*INFORMATION PROVIDED:*
######

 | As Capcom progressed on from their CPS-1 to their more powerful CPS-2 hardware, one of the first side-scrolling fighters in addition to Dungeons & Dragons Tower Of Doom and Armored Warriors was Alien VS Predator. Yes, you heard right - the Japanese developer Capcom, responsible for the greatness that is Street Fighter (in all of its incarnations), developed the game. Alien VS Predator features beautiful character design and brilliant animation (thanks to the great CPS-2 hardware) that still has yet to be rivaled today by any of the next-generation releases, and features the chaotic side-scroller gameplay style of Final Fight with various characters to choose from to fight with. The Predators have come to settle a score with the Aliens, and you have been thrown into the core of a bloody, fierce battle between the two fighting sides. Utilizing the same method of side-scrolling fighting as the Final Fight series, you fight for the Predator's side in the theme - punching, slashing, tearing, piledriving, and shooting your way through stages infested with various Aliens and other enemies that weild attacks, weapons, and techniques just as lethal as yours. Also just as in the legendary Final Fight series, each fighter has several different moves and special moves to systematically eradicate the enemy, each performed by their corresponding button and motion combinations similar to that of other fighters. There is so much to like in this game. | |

######

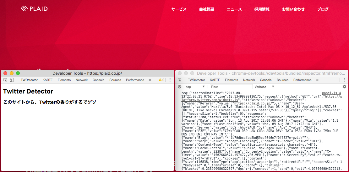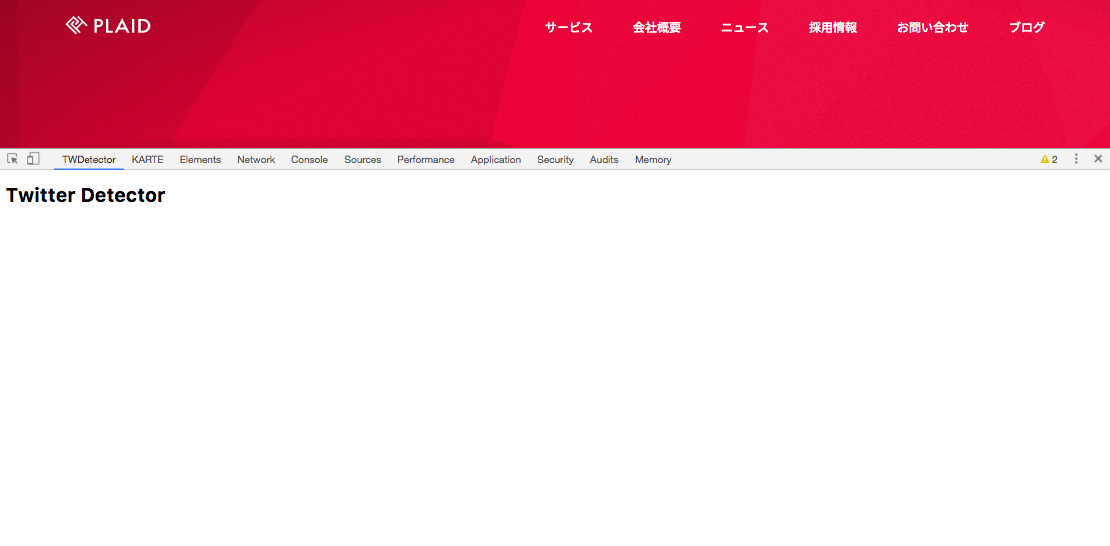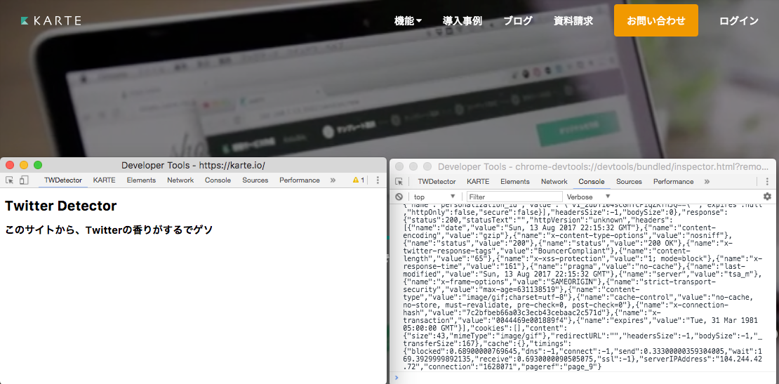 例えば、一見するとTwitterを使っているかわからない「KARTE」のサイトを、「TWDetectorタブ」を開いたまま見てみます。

######

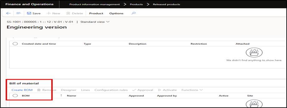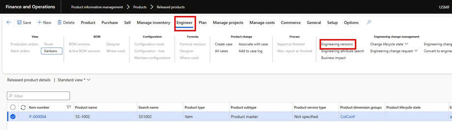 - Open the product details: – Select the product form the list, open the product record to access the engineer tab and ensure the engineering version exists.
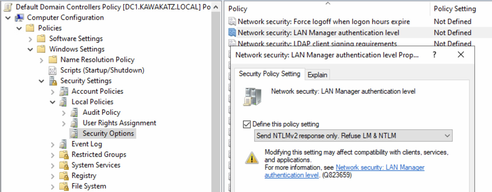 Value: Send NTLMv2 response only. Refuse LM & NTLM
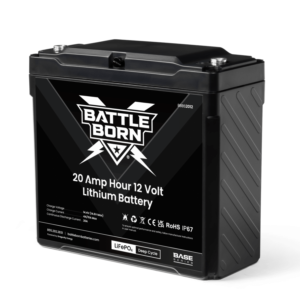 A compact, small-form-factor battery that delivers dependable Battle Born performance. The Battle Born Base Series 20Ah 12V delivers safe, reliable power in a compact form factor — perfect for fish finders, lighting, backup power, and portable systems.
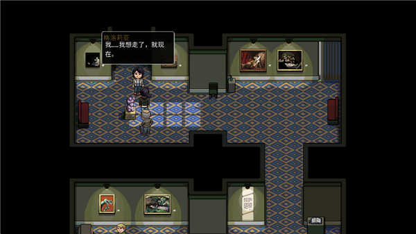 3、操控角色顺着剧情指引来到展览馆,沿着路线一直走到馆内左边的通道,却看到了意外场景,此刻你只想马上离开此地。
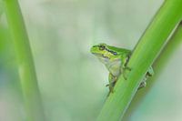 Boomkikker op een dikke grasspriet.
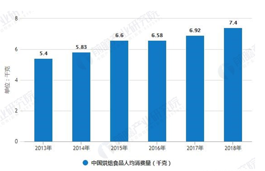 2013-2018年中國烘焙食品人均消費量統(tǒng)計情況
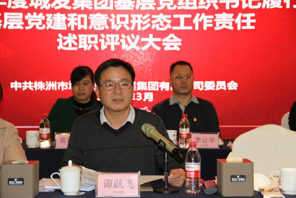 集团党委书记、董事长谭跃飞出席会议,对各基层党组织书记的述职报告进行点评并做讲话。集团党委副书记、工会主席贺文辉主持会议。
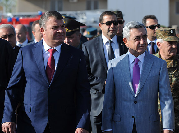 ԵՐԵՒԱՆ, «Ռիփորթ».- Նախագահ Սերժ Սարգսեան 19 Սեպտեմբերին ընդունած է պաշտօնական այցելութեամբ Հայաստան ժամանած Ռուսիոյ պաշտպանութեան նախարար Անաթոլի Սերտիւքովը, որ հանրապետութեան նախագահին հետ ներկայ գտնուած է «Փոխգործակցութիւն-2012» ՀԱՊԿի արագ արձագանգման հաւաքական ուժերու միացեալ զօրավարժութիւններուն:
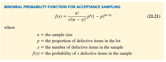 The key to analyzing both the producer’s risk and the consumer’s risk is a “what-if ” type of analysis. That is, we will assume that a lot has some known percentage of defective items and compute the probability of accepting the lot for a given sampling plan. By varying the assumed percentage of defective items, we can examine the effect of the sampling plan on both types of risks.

######

*TRY IT:* Reproduce, word for word, only the lines in the records above from the line with "Boomkikker op een dikke grasspriet." through the line with "The key to analyzing", including both ends; omit the pictures.

*ANSWER FOR THIS EXERCISE:*
 Boomkikker op een dikke grasspriet.
 2013-2018年中國烘焙食品人均消費量統(tǒng)計情況
 集团党委书记、董事长谭跃飞出席会议,对各基层党组织书记的述职报告进行点评并做讲话。集团党委副书记、工会主席贺文辉主持会议。
 ԵՐԵՒԱՆ, «Ռիփորթ».- Նախագահ Սերժ Սարգսեան 19 Սեպտեմբերին ընդունած է պաշտօնական այցելութեամբ Հայաստան ժամանած Ռուսիոյ պաշտպանութեան նախարար Անաթոլի Սերտիւքովը, որ հանրապետութեան նախագահին հետ ներկայ գտնուած է «Փոխգործակցութիւն-2012» ՀԱՊԿի արագ արձագանգման հաւաքական ուժերու միացեալ զօրավարժութիւններուն:
 The key to analyzing both the producer’s risk and the consumer’s risk is a “what-if ” type of analysis. That is, we will assume that a lot has some known percentage of defective items and compute the probability of accepting the lot for a given sampling plan. By varying the assumed percentage of defective items, we can examine the effect of the sampling plan on both types of risks.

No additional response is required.